In the records below, tally the lines that contain the word "untuk" and give only that number.
*** DATA SHOWN Section Begins ***
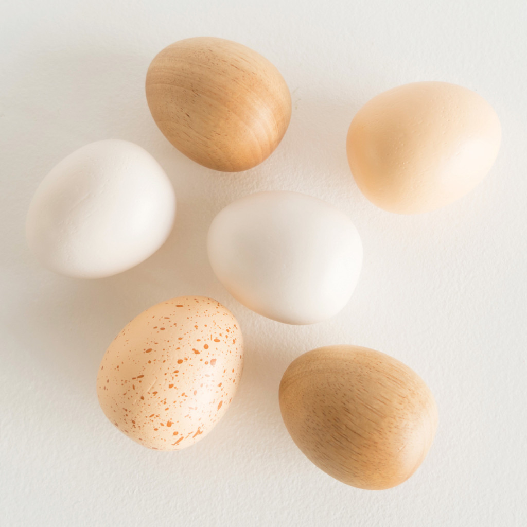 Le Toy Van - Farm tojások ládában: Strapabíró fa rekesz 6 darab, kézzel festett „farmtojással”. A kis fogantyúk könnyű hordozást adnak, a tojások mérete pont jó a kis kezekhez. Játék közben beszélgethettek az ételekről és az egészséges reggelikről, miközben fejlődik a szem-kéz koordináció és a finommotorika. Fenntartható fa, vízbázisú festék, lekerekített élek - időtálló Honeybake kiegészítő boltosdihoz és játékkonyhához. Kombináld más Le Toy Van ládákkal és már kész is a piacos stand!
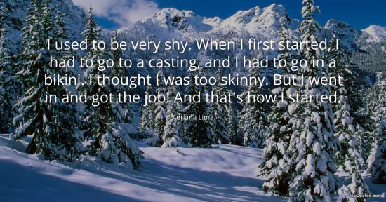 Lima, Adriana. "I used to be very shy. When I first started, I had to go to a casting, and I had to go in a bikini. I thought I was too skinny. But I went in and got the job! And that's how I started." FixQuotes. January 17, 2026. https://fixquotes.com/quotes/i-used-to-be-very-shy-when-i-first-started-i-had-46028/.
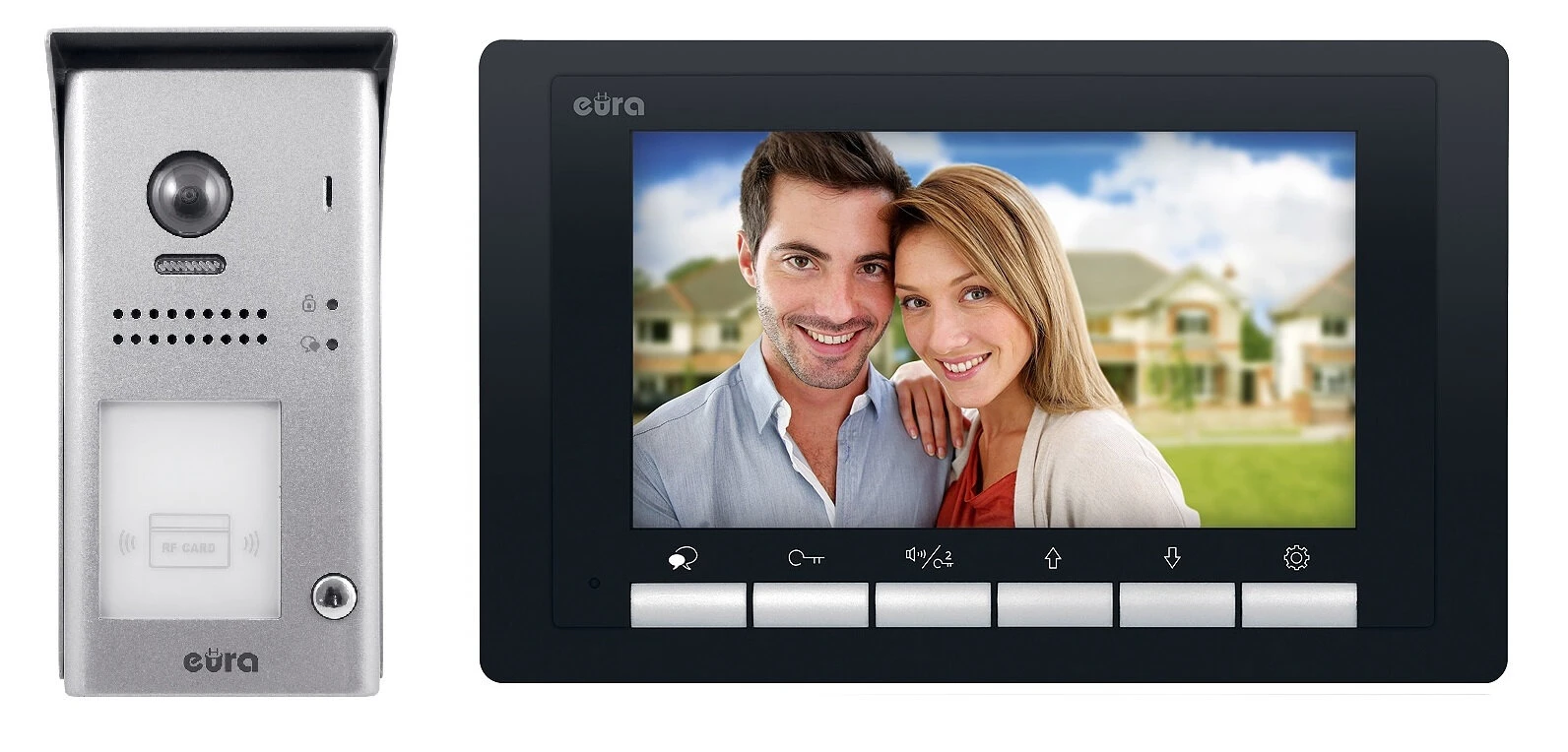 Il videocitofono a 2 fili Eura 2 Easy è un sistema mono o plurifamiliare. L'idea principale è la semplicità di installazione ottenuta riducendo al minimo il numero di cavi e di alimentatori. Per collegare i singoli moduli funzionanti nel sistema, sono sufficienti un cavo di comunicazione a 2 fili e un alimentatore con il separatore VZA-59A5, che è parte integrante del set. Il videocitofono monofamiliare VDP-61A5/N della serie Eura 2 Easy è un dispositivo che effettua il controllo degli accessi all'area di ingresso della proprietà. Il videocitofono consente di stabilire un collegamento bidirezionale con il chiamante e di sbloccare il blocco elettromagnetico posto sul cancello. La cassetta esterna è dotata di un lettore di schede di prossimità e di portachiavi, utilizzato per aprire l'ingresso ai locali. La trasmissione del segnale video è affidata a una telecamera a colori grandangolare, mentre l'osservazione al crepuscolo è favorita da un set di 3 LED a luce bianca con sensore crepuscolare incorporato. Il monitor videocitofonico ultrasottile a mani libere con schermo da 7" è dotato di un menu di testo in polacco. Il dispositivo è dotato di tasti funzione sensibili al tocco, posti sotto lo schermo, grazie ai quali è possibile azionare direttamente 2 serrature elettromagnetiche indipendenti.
*** DATA SHOWN Section Ends ***
*** DATA SHOWN Section Begins ***
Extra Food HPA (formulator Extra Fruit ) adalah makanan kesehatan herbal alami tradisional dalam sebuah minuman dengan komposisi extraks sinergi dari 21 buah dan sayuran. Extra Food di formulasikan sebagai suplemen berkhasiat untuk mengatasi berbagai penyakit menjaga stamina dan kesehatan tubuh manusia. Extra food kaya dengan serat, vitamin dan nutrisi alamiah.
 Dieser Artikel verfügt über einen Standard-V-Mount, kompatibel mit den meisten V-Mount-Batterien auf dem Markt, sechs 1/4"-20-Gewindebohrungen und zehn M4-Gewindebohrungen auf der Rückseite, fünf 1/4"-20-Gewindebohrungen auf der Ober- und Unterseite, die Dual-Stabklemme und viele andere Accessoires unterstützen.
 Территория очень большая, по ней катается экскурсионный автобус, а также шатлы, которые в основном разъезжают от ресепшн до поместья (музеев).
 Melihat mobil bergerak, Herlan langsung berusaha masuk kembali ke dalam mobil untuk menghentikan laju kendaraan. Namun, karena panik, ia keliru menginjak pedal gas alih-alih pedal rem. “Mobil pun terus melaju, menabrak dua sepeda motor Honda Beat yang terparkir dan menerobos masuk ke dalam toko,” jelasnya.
*** DATA SHOWN Section Ends ***
*** DATA SHOWN Section Begins ***
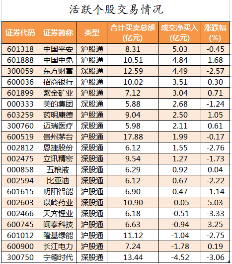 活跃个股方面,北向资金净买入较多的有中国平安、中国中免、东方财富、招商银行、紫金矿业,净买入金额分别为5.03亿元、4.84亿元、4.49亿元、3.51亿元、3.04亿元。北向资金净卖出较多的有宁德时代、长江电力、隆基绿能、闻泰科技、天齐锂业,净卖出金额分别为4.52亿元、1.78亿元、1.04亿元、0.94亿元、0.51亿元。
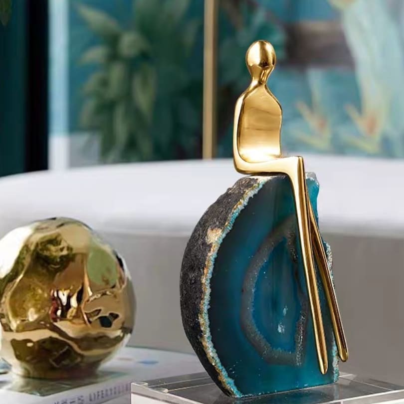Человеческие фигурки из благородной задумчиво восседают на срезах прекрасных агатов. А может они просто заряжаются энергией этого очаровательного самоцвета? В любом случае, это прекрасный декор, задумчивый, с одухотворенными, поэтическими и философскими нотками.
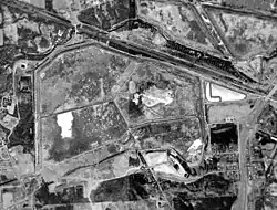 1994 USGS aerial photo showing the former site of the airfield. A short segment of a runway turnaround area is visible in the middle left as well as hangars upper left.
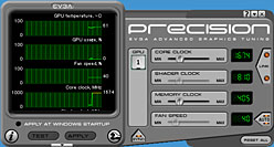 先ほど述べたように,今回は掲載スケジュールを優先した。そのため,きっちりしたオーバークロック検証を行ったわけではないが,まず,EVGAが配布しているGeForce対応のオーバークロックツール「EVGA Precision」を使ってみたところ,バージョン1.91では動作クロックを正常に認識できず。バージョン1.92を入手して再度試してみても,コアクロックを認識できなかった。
*** DATA SHOWN Section Ends ***
> _RESULT_: 2